--- PROBLEM ---
For every line below, restate it exactly and drop the images.

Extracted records
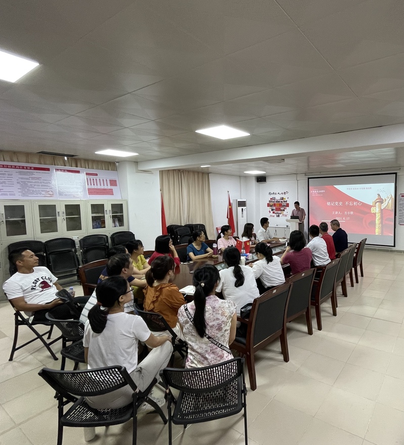 随后,方小铁副书记从“一百年的奋斗史、不忘入党初心牢记党员身份、时刻不忘感党恩、一心一意跟党走”四个方面进行详细讲解,带领大家回顾了中国共产党走过的辉煌历程,缅怀党的丰功伟绩,阐述了中国共产党成立之初的艰难发展历史,生动再现一个个历史真实案例,强调中国共产党发展至今所取得的成绩来之不易。要求全体党员师生要认真深入的学习党史,把对党的绝对忠诚落实到一言一行、体现在一点一滴、贯穿于一生一世。
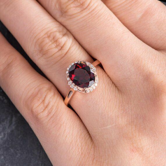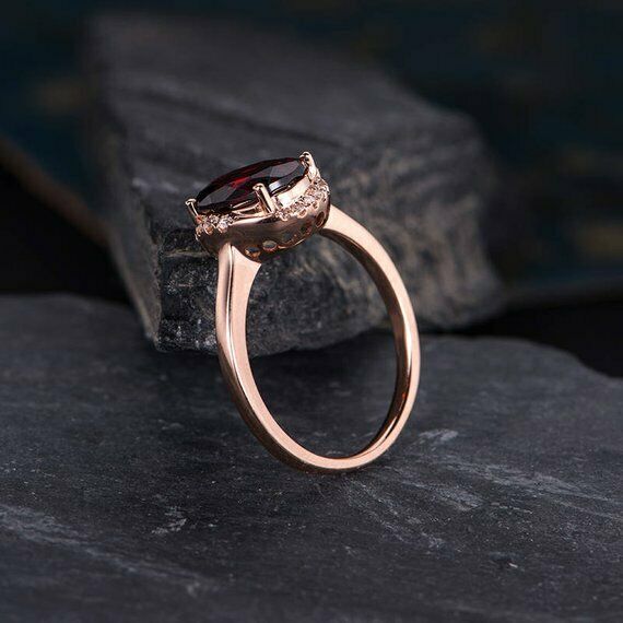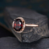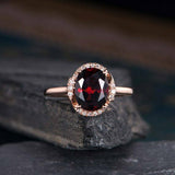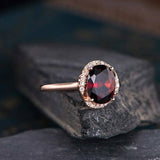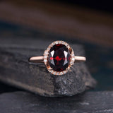 1ct Oval Cut Red Garnet Engagement Ring 14k Rose Gold Finish Halo Unique Promise
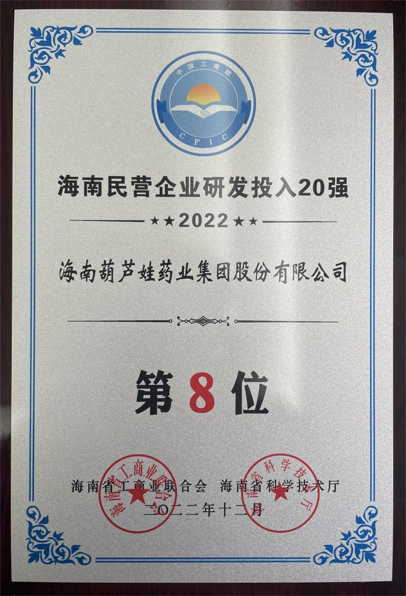12月23日,2022海南民营企业50强和研发投入20强发布会在海口举行。会上发布了“2022海南民营企业50强”“2022海南民营企业研发投入20强”榜单和分析报告。ca88亚州城药业再次荣登两榜,在海南民营企业50强榜单中位列第25位,较去年上升8位,这也是公司连续三年登榜;在海南民营企业研发投入20强中位列第8位,较去年上升7位。
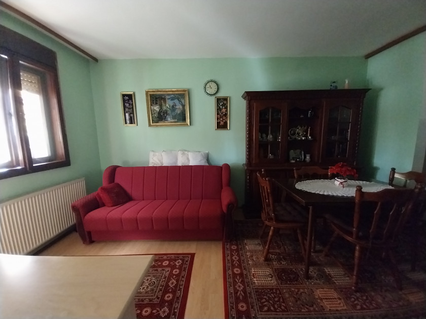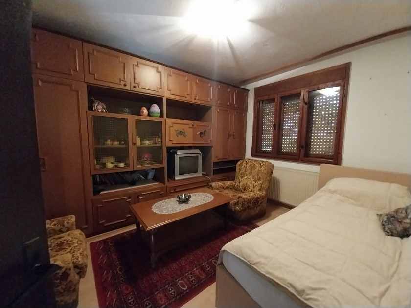 Opis: Kuca se nalazi na sredini naselja, u lepom okruzenju.Plac ima izlaz na dve ulice, a obzirom na velicinu placa moguca je izgradnja poslovnog objekta za vise namena: igraonica,vrtic, proizvodna hala, radionica...Ravan je, ogradjen, zasadjen svim vrstama voca, ukrasnim biljkama i drvecem. Letnjikovac, rostilj, bunar... Kuca je tvrda gradnja-prizemlje i potkrovlje. Na prizemlju je velika terasa, ulazni hol, dnevni boravak sa kuhinjom, spavaca soba i kupatilo. Spoljasnje stepenice za potkrovlje koje cine dve sobe, terasa i ostava. Grejanje radijatorsko sa kotlom na struju. Moguce prikljuciti gas. Gradska i bunarska voda, kanalizacija. Prodaje se kompletno namestena. Uknjizena, brzo useljiva.
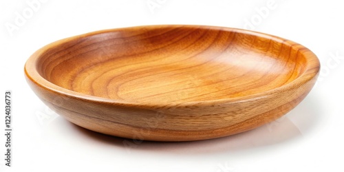 Side View of a Single Empty Wooden Dish Isolated on White Background for Culinary Use, Kitchen Decor, and Table Settings - Perfect for Stock Photography and Design Projects
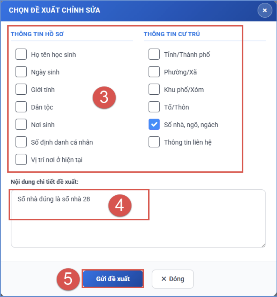Trong trường hợp có sai sót, phụ huynh phải gửi đề xuất chỉnh sửa kèm minh chứng để nhà trường cập nhật. Sau khi điều chỉnh xong, cần đăng nhập lại hệ thống để xác nhận lần cuối.
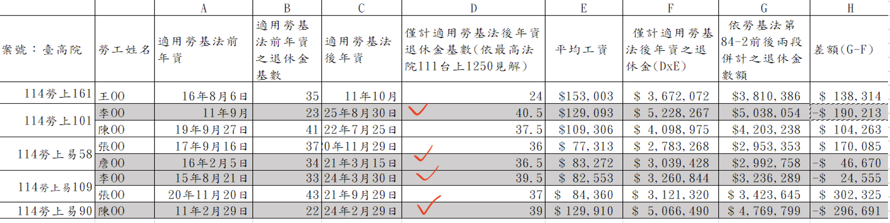 作者於茲要特別聲明的是:114勞上101勞工李OO適用勞基法年資超過25年,故單獨僅計適用勞基法後年資即足符合自請退休要件。其餘三人適用勞基法後年資分別為:21年3月15日、24年3月30日、24年2月29日,惟因一、二審判決書並未載明這三名勞工的年齡,因此作者無法確知這三人單獨僅計適用勞基法後年資後是否已經符合自請退休要件。本文在此為說明簡便,均假設這三人都已年滿55歲以上,因此單獨僅計適用勞基法後年資也都已符合自請退休要件。
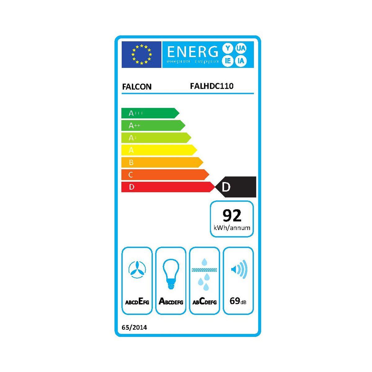 | Consommation d'énergie | Classe d'efficacité énergétique: D, Consommation annuelle d'énergie en kWh: 92 kWh, Classe d'efficacité d'évacuation de la vapeur et fumées: E, Classe d'efficacité de l'éclairage: A, Classe d'efficacité de filtration des graisses: C | |
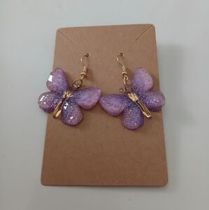 Charming lavender butterfly earrings with gold accents. Adds a playful touch to any look.
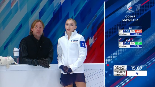 Софья Муравьева заходит на тройной аксель и падает. Пытается повторить, но прыгает в один оборот. Дальше чисто исполняет каскад 3 лутц + 3 тулуп.
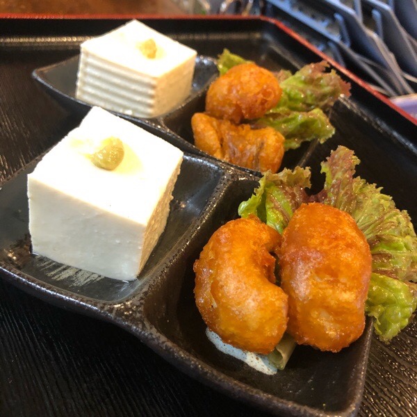 こだわり豆腐のヤッコと鱧の唐揚げが お通し。

--- RESPONSE ---
 随后,方小铁副书记从“一百年的奋斗史、不忘入党初心牢记党员身份、时刻不忘感党恩、一心一意跟党走”四个方面进行详细讲解,带领大家回顾了中国共产党走过的辉煌历程,缅怀党的丰功伟绩,阐述了中国共产党成立之初的艰难发展历史,生动再现一个个历史真实案例,强调中国共产党发展至今所取得的成绩来之不易。要求全体党员师生要认真深入的学习党史,把对党的绝对忠诚落实到一言一行、体现在一点一滴、贯穿于一生一世。
 1ct Oval Cut Red Garnet Engagement Ring 14k Rose Gold Finish Halo Unique Promise
12月23日,2022海南民营企业50强和研发投入20强发布会在海口举行。会上发布了“2022海南民营企业50强”“2022海南民营企业研发投入20强”榜单和分析报告。ca88亚州城药业再次荣登两榜,在海南民营企业50强榜单中位列第25位,较去年上升8位,这也是公司连续三年登榜;在海南民营企业研发投入20强中位列第8位,较去年上升7位。
 Opis: Kuca se nalazi na sredini naselja, u lepom okruzenju.Plac ima izlaz na dve ulice, a obzirom na velicinu placa moguca je izgradnja poslovnog objekta za vise namena: igraonica,vrtic, proizvodna hala, radionica...Ravan je, ogradjen, zasadjen svim vrstama voca, ukrasnim biljkama i drvecem. Letnjikovac, rostilj, bunar... Kuca je tvrda gradnja-prizemlje i potkrovlje. Na prizemlju je velika terasa, ulazni hol, dnevni boravak sa kuhinjom, spavaca soba i kupatilo. Spoljasnje stepenice za potkrovlje koje cine dve sobe, terasa i ostava. Grejanje radijatorsko sa kotlom na struju. Moguce prikljuciti gas. Gradska i bunarska voda, kanalizacija. Prodaje se kompletno namestena. Uknjizena, brzo useljiva.
 Side View of a Single Empty Wooden Dish Isolated on White Background for Culinary Use, Kitchen Decor, and Table Settings - Perfect for Stock Photography and Design Projects
Trong trường hợp có sai sót, phụ huynh phải gửi đề xuất chỉnh sửa kèm minh chứng để nhà trường cập nhật. Sau khi điều chỉnh xong, cần đăng nhập lại hệ thống để xác nhận lần cuối.
 作者於茲要特別聲明的是:114勞上101勞工李OO適用勞基法年資超過25年,故單獨僅計適用勞基法後年資即足符合自請退休要件。其餘三人適用勞基法後年資分別為:21年3月15日、24年3月30日、24年2月29日,惟因一、二審判決書並未載明這三名勞工的年齡,因此作者無法確知這三人單獨僅計適用勞基法後年資後是否已經符合自請退休要件。本文在此為說明簡便,均假設這三人都已年滿55歲以上,因此單獨僅計適用勞基法後年資也都已符合自請退休要件。
 | Consommation d'énergie | Classe d'efficacité énergétique: D, Consommation annuelle d'énergie en kWh: 92 kWh, Classe d'efficacité d'évacuation de la vapeur et fumées: E, Classe d'efficacité de l'éclairage: A, Classe d'efficacité de filtration des graisses: C | |
 Charming lavender butterfly earrings with gold accents. Adds a playful touch to any look.
 Софья Муравьева заходит на тройной аксель и падает. Пытается повторить, но прыгает в один оборот. Дальше чисто исполняет каскад 3 лутц + 3 тулуп.
 こだわり豆腐のヤッコと鱧の唐揚げが お通し。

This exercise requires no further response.